Money can be destroyed by bankruptcy and dept repudiation, but can value be destroyed? Value is a perception, after all, and cannot be compared across people. Nevertheless, it is possible to argue that value can be destroyed, and moreover, that value ordinarily decays over time, whether it be the value of a tangible good or of a service.
The perception of the value of an item represents the degree to which the item enables the owner to achieve some current or future goal. Consider first a service. The typical service enables the person served to satisfy some goal that existed at the time. The effect of such a service dissipates fast, as goals change. The value of having had one’s hair cut becomes less as the hair grows long again; the value of being given a programme for a play becomes less as the play progresses. Some services have longer value, of course. The value of being taught a skill may stay for a very long time. But for the most part, the value of a service declines toward zero with time since the service.
Consider a tangible good.
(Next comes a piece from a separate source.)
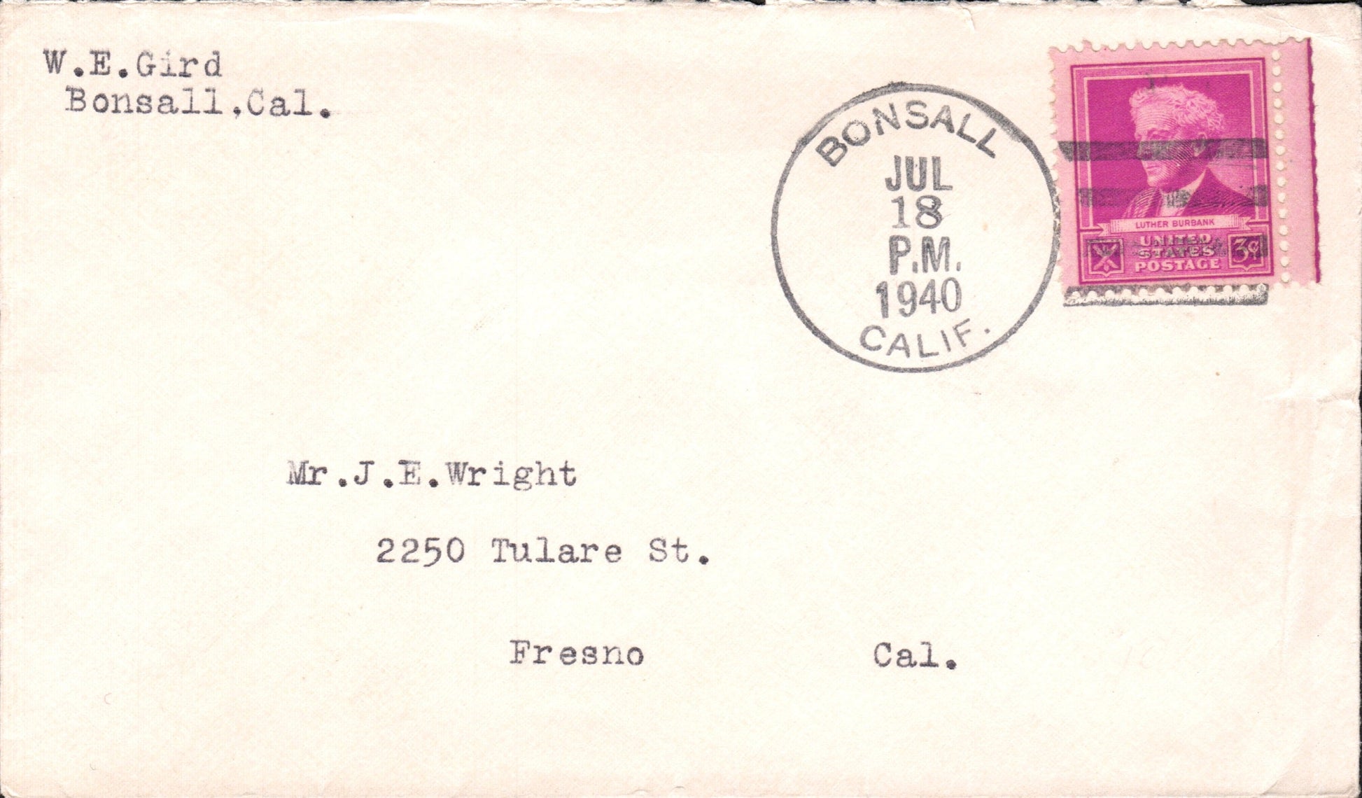 Bonsall 1940 4-bar on cover

When it was acquired, it served to bring some perception nearer its reference value at the time.That was its value to the acquirer. As tiome goes by, controlled perceptions change, and the reference values change for perceptions that remain controlled. While it is possible that the tangible good increases its effectiveness in controlling the owner's perceptions, it is more probable that it becomes less effective, and therefor of less value. The owner has "moved on". Moreover, the good itself is subject to decay and damage, which will decrease its value if not corrected (a perception of its quality being controlled by the owner). So, on average, the value of a tangible good, like that of a service, is likely to decline over time. Exceptions exist, of course. Part of the value of a good (or of a skill) is the possibility that it may be exchanged for money, so the more value the money-equivalent has to the possessor of the good or skill, the more valuable that good or skill. Antique goods, in particular, are more likely to increase in money-equivalent value than to diminish in money-equivalent value over time, and this increase may more than compensate for any decrease in other contributions to its value.
Since, with some notable exception, both services and goods are more likely to decline rather than to increase in value over time since their acquisition, it follows that if the overall value of an economy is to be sustained, compensating value must continually be created. It has been argued earlier that this compensating value derives from two sources: (1) the increase in value to each partner in a mutually agreeable trade, and (2) the work involved in creating structure from natural resources. Increases of the first kind have a natural limit, inasmuch as things and services tend to decline in value over time, so even as the fit of the goods and services to the needs of the people improves, the usefulness of the goods and services is declining. If this is true, then stability in an economy can derive only from the work that is put into enhancing the usefulness of natural resources, including the reworking of discarded goods, and the enhancement of skills.